Comments: Gay and Boomer can mean the closet has as much comfort as discomfort, rather like chicken pot pies: bad for you and good for you all at once. And being closeted can mean doing no more than you must even for such a cause, lest you stand out too much. It's a reflex.

Not every Boomer has sat on their hands. I draw some of my slim commitment from two of my closest college friends. In the week of Stonewall they not only came out, but came out as a couple. (Ryan, I wonder if you can imagine the courage that took in NH nearly 40 years ago.) AIDS took them both long ago, but I cannot forget them. They were Tom Joslin and Mark Massi, and the film they made of their dying is still circulating.

MM, it's not the first time I've raised a friendly caution about generalisation. As you know, my daughter is an only child. I could wish I had had her breadth of mind at her age, and I wish I'd been doing something half as useful. I'm vain enough to think I did a decent job of parenting not because we brought her up with an overdose of amour propre, but because we successfully brought her up to be a decent and considerate human being. (Yes, how rare these days.)

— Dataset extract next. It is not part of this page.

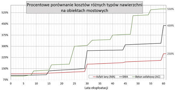 Rys. 5 Procentowe porównanie kosztów różnych typów nawierzchni na obiektach mostowych

It is not the fact of being only or first born, but how the parents treat that fact, that matters. Incite your child to believe the world is her/his oyster and they grow up with arrogance. Or, let them see that the world is a very big place, that they have only a right to try and fail in it, to make mistakes, own them and move on. Encourage them not to hold their own talents above those of others, but to use what they have to make a better world.

There are a good many other things I could mention that make a good human being out of a first or only child. Most of them must come from the intent of the parents. I imagine that purpose was lacking in the cases you mention.

Finally, I fear I would make a nuisance of myself if I were sitting at table with the individual you mentioned. The opportunities for sly humour would be too tempting to resist.

massmarrier said...

Both are commendable -- that you are loyal to your only and that your egalitarianism and social responsibility transfer well. Alas, there are reasons for many generalizations and clichés, and why so many psychologists and sociologists study and report on birth order-related traits.

Would that more parents had your attitude.